Single by Tears for Fears

from the album The Seeds of Love
- B-side: "Johnny Panic and the Bible of Dreams"; "Music for Tables";
- Released: 19 February 1990
- Genre: Blue-eyed soul; jazz; pop; sophisti-pop;
- Length: 4:55 (album version); 4:49 (7" version);
- Label: Fontana
- Songwriters: Roland Orzabal; Nicky Holland;
- Producers: Tears for Fears; Dave Bascombe;

Tears for Fears singles chronology
| "Woman in Chains" (1989) | "Advice for the Young at Heart" (1990) | "Famous Last Words" (1990) |

Music video
- "Advice for the Young at Heart" on YouTube

= Advice for the Young at Heart =

"Advice for the Young at Heart" is a song by the English band Tears for Fears, taken from their 1989 album The Seeds of Love. It was released as the third single from the album in February 1990.

The song was written by Roland Orzabal and keyboardist/singer Nicky Holland. The lead vocal was sung by Curt Smith (the only track on The Seeds of Love album that he sang solo lead vocals on).

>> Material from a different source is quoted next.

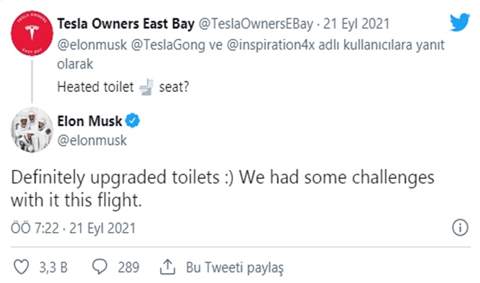 Bir kullanıcının, uçuşta ''ısıtmalı tuvalet'' olup olmadığı sorusuna, Twitter hesabından cevap veren Musk, uzay turistlerinin üç günlük uçuşta tuvalet problemi yaşadıklarını ancak bunun bir sonraki uçuşta düzeltileceğini söyledi.

The single only reached #89 in the US Billboard 100 but was a Top 40 hit in the UK (#36), France (#31), Canada (#25) and The Netherlands (#22), and a Top 20 hit in Ireland (#15). In 1992, when Tears for Fears released Tears Roll Down (Greatest Hits 82–92), "Advice for the Young at Heart" was re-released in Brazil.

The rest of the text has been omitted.